Veteran journalist Bob Novak yesterday said President Bush is one of the worst presidents he’s seen in his lifetime, but surmised that when he dies people will go out of their way to find some way to praise him.

“I couldn’t believe the reviews Ford got; he was a terrible president, and he dies and people are saying he saved the country,” Mr. Novak said at a breakfast meeting with reporters.

Truman was a horrible man, he drank, and until his dying day he denied that Alger Hiss was a spy; he screwed up the [Korean] War and refused to understand the communist threat. So I assume that what they’ve done for these others they will do with Bush and tell a lot of lies about him.”

At 76, Mr. Novak has taken some time to think about his life, a life he says he is “lucky” to still be living and put down on paper in his new book, “The Prince of Darkness: 50 Years Reporting in Washington.”

He expressed disappointment in colleagues who beat up on him and called him a liar throughout the Valerie Plame case, none of whom he said has called to apologize.

And on Congress he said that Senate Majority Leader Harry Reid, Nevada Democrat, has surpassed his predecessor Sen. Bill Frist, Tennessee Republican, as “at least the most incompetent majority leader I’ve ever seen.”

Cunningham’s lies

Disgraced former U.S. Rep. Randy “Duke” Cunningham lied to fellow lawmakers on a House ethics panel to disguise kickbacks from a defense contractor, according to a summary of an interview between the congressman and federal investigators.

Cunningham said he asked the House ethics committee in 2001 to review a sale of his yacht “Kelly C” to the defense contractor to avoid arousing suspicions when, in fact, there was no sale.

He fabricated the transaction and lied to lawmakers about it to “cover his bases” and make $100,000 in kickbacks appear legitimate.

Cunningham, a Republican, has not spoken publicly since going to prison in March 2006. He pleaded guilty in 2005 to taking $2.4 million in bribes from defense contractor Brent Wilkes and others in exchange for millions of dollars in government contracts.
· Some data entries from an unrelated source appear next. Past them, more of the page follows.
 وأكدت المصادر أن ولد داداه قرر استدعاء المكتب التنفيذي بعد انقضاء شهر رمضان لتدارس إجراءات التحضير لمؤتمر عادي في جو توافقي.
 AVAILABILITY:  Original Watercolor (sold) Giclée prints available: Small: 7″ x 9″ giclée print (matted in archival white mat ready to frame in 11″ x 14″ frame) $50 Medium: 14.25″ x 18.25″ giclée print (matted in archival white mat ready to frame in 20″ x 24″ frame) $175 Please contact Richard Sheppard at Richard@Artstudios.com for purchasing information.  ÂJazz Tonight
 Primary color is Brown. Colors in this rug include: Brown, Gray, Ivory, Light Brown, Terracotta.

As part of his plea deal, he agreed to cooperate with prosecutors.

Mr. Wilkes has pleaded not guilty to bribery, fraud, money laundering and conspiracy.

Cunningham detailed the arrangement in two interviews with prosecutors and government agents at his Tucson, Ariz., prison in February, a week before Mr. Wilkes was indicted, the Associated Press reports.

Liberty’s limits

“Is Ron Paul the savior of libertarians? That’s what many are claiming about the Texas Republican who ran on the Libertarian ticket for president in 1988,” James Kirchick writes at the America’s Future Foundation’s “Brainwash” Web site (

Andrew Sullivan, who styles himself a classical liberal, has been trumpeting Paul ever since the GOP primary debate in South Carolina last month in which Paul went toe-to-toe with Rudy Giuliani over the cause of 9/11. ‘Ron Paul, for all his faults, is fresh air. We need more of it,’ Sullivan wrote last month. … Paul seems to be the libertarian dream candidate,” Mr. Kirchick said.
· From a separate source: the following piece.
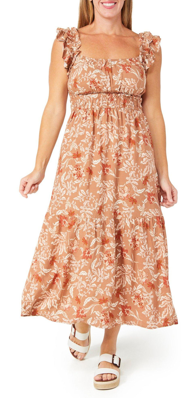 Step into effortless style with this womens sleeveless tier maxi dress featuring a square neckline and lightweight flowy fabric. Designed for warm days and relaxed evenings, the printed design adds a touch of charm while the tiered silhouette creates graceful movement. Ideal for casual outings, beach strolls or brunch dates, this dress blends comfort and elegance in one easy piece. Fabrication is 100% rayon.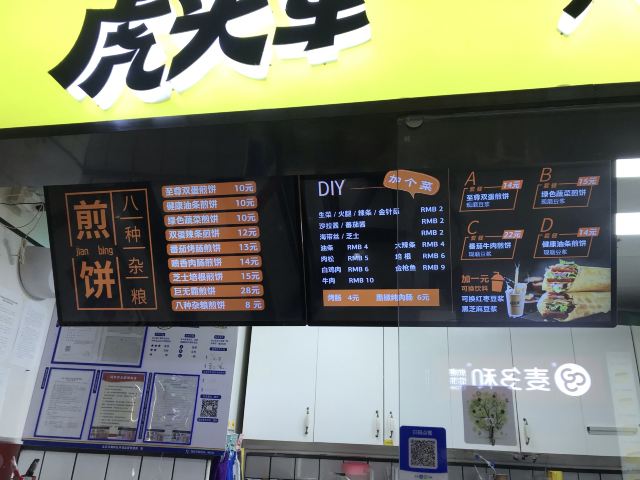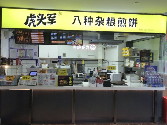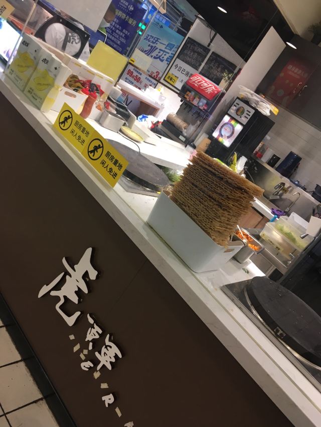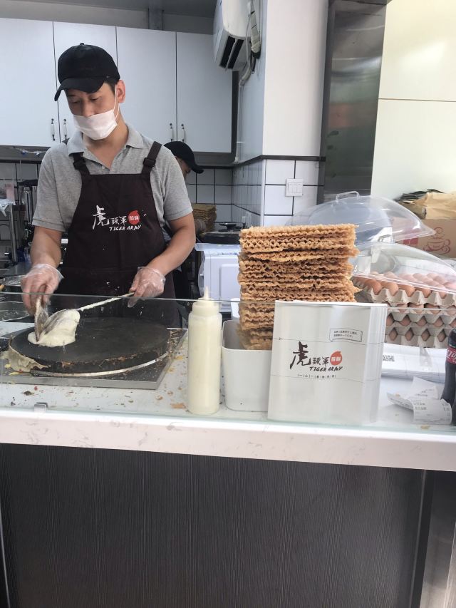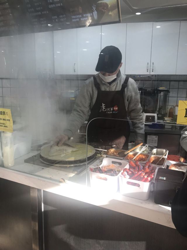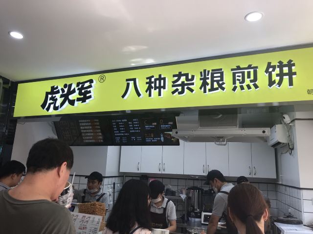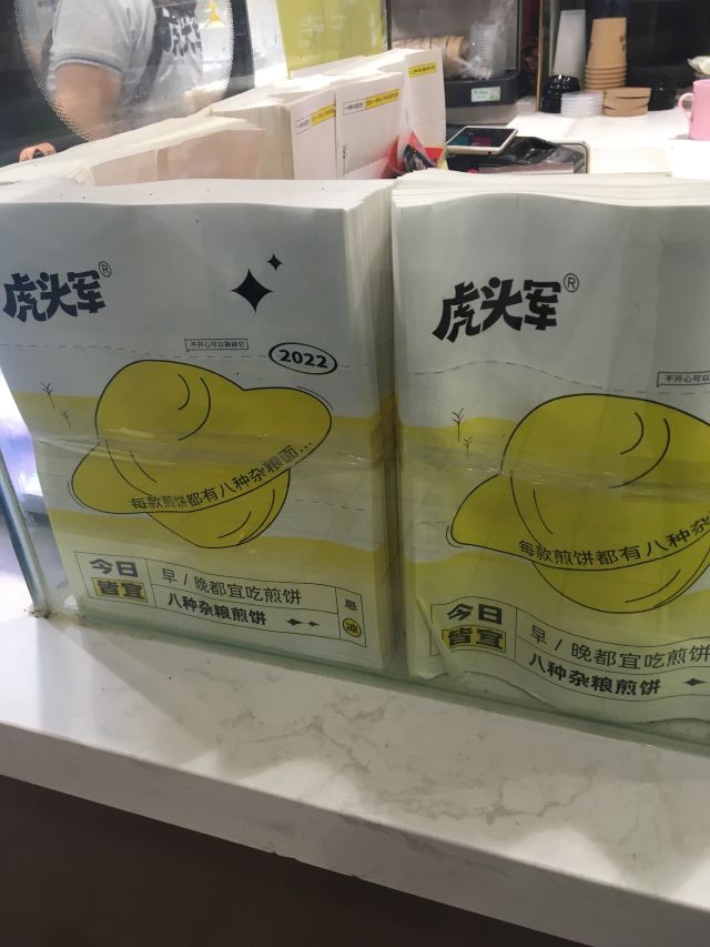 扫完健康宝进到店里来,一抬眼就是虎头军的摊位,除了排队等现场制作的人很多以外,还有一个特别抓人心的就是煎饼的包装是有品牌标志的。

“Paul markets himself as an ideologically pure libertarian — a capital ‘L’ libertarian of the sort that people who refuse to carry driver’s licenses or pay federal income taxes can admire. So committed to a strict interpretation of the Constitution, he’s something of a caricature in a Congress full of big-spenders, earning the title ‘Dr. No’ for voting against each and every federal spending bill.

“He supports unfettered free trade and a non-interventionist foreign policy. He supports the abolition of a variety of Cabinet-level federal agencies. But, in actuality, Paul is a selective libertarian. On the issue of gay rights — a cause that intellectually consistent libertarians ought to support — Paul is no better than his socially conservative primary opponents like [Kansas Sen.] Sam Brownback or [Colorado Rep.] Tom Tancredo.”

Pollsters settle

A lawsuit accusing Sen. Hillary Rodham Clinton’s chief strategist of illegally intercepting e-mails has been withdrawn and the legal battle between him and former associates has been resolved, the parties said Wednesday.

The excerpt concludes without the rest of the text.